> Source data:
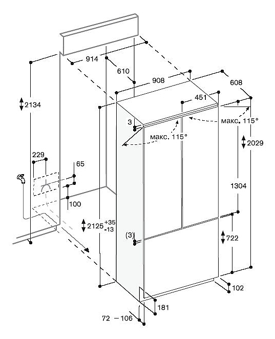 Стеклянные полки, одна из которых ассиметричная, вторая оснащена подъемным механизмом. Оптимальное использование пространства. Ледогенератор с прямым подключением к воде, встроенный в выдвижной морозильный ящик. Высота ниши для встраивания 213,4 см. Ширина ниши для встраивания 91,4 см. Общий объем 560 л. Полезный объем 530 л. Электронная регулировка температуры с цифровым индикатором. Динамическое охлаждение. Активный угольный фильтр. Автоматика оттаивания с испарением талой воды. Режим энергосбережения на время отпуска. Сигнал открытой двери и возникновения неисправности. Холодильное отделение
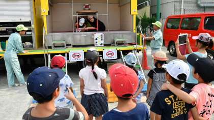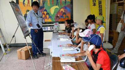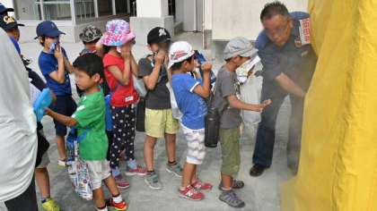 グループは各学年が混ざっています。さすがに上の学年のこどもたちは熱心で、下学年のこのサポートをしてくれます。写真は上から「煙中脱出訓練」「起震車体験訓練」「安否確認電話体験訓練」
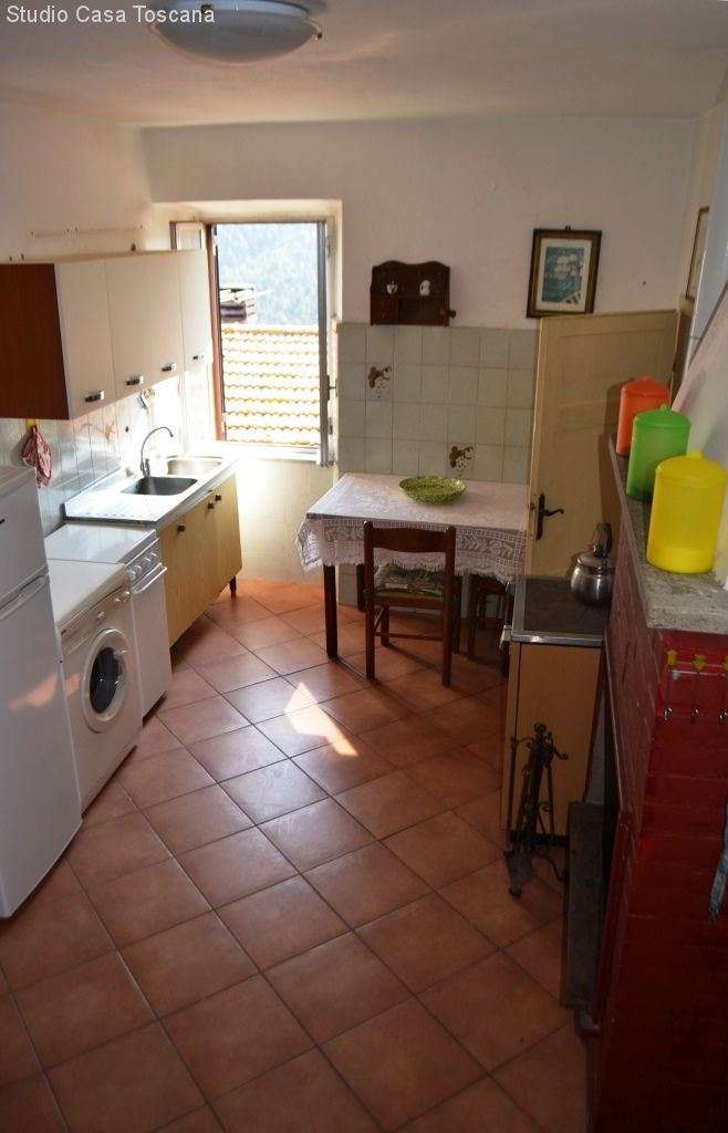 There are two spacious bedrooms, a renovated bathroom with shower, a living kitchen with open fireplace and an easily accessible attic.
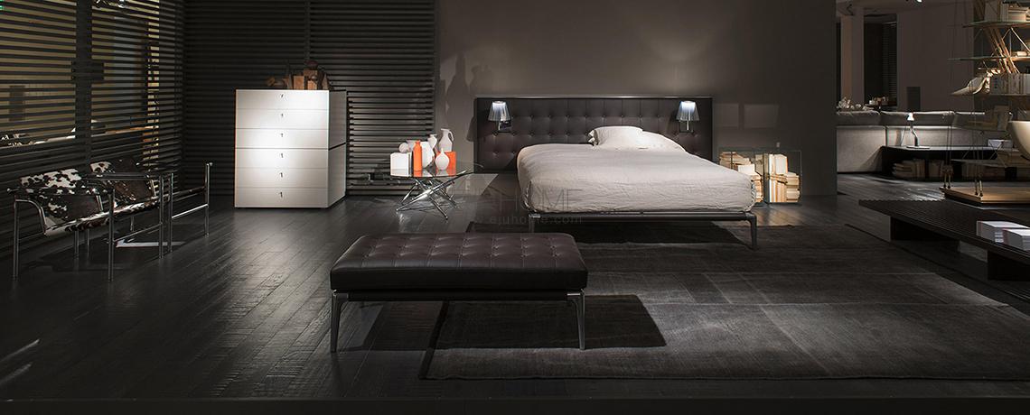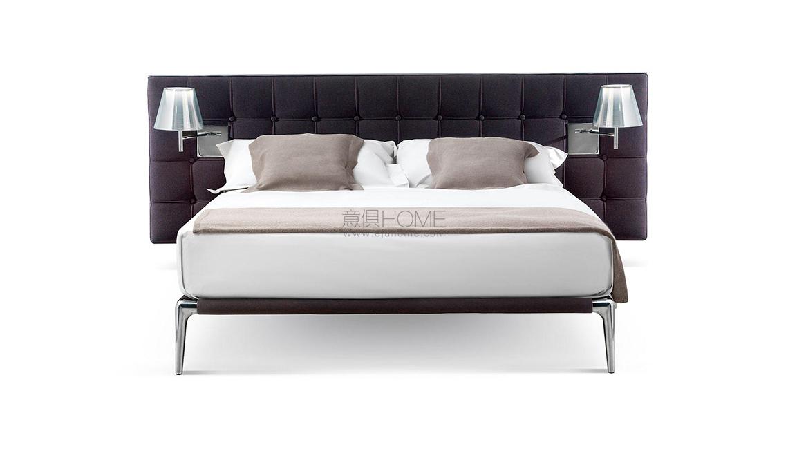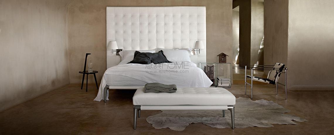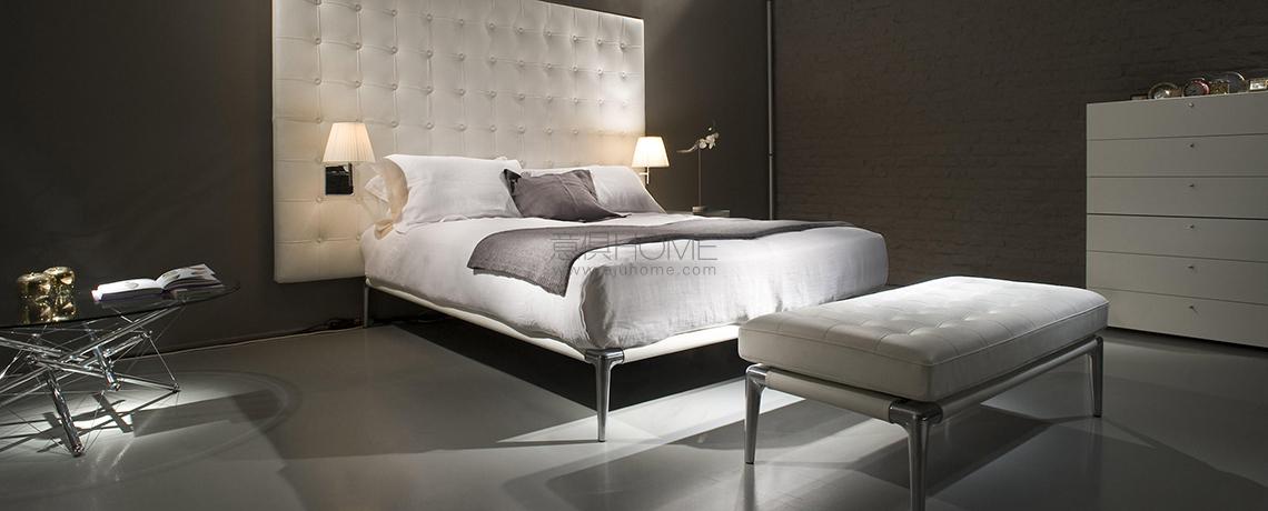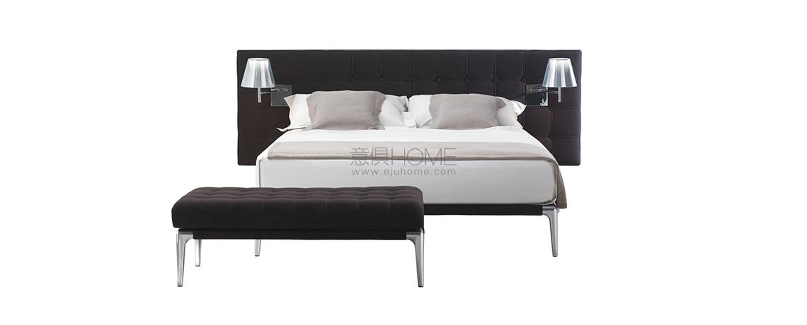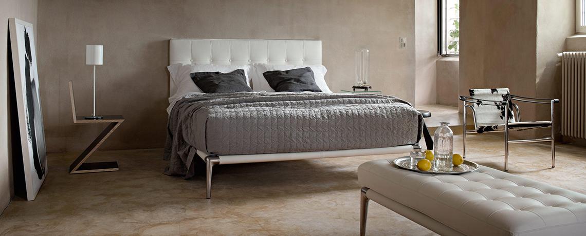 Il letto Volage associa ironia e leggerezza a un disegno deciso, per un risultato dal de-sign originale e rigoroso. Il giroletto è in alluminio, rivestito in tessuto o pelle; la testiera – imbottita in poliuretano espanso, privo di CFC – è caratterizzata da una preziosa lavora-zione capitonné in pelle o tessuto, sviluppata e brevettata dall’azienda a livello interna-zionale, e abbinata a piedi sottili in pressofusione di alluminio lucido. La libertà di visione e interpretazione è agevolata dall’ampiezza dell’abaco e dalla testiera in varie dimen-sioni: a filo del bordo letto, può essere bassa (della stessa dimensione del letto o più grande, anche con la predisposizione per lampade da lettura) o alta (in dimensioni am-pie, anche con predisposizione per lampade da lettura). Completano la collezione un comodino e una panca.

> What the task requires:
Restate the material above word for word; pictures do not belong in the copy.

> Result of this exercise:
 Стеклянные полки, одна из которых ассиметричная, вторая оснащена подъемным механизмом. Оптимальное использование пространства. Ледогенератор с прямым подключением к воде, встроенный в выдвижной морозильный ящик. Высота ниши для встраивания 213,4 см. Ширина ниши для встраивания 91,4 см. Общий объем 560 л. Полезный объем 530 л. Электронная регулировка температуры с цифровым индикатором. Динамическое охлаждение. Активный угольный фильтр. Автоматика оттаивания с испарением талой воды. Режим энергосбережения на время отпуска. Сигнал открытой двери и возникновения неисправности. Холодильное отделение
 グループは各学年が混ざっています。さすがに上の学年のこどもたちは熱心で、下学年のこのサポートをしてくれます。写真は上から「煙中脱出訓練」「起震車体験訓練」「安否確認電話体験訓練」
 There are two spacious bedrooms, a renovated bathroom with shower, a living kitchen with open fireplace and an easily accessible attic.
 Il letto Volage associa ironia e leggerezza a un disegno deciso, per un risultato dal de-sign originale e rigoroso. Il giroletto è in alluminio, rivestito in tessuto o pelle; la testiera – imbottita in poliuretano espanso, privo di CFC – è caratterizzata da una preziosa lavora-zione capitonné in pelle o tessuto, sviluppata e brevettata dall’azienda a livello interna-zionale, e abbinata a piedi sottili in pressofusione di alluminio lucido. La libertà di visione e interpretazione è agevolata dall’ampiezza dell’abaco e dalla testiera in varie dimen-sioni: a filo del bordo letto, può essere bassa (della stessa dimensione del letto o più grande, anche con la predisposizione per lampade da lettura) o alta (in dimensioni am-pie, anche con predisposizione per lampade da lettura). Completano la collezione un comodino e una panca.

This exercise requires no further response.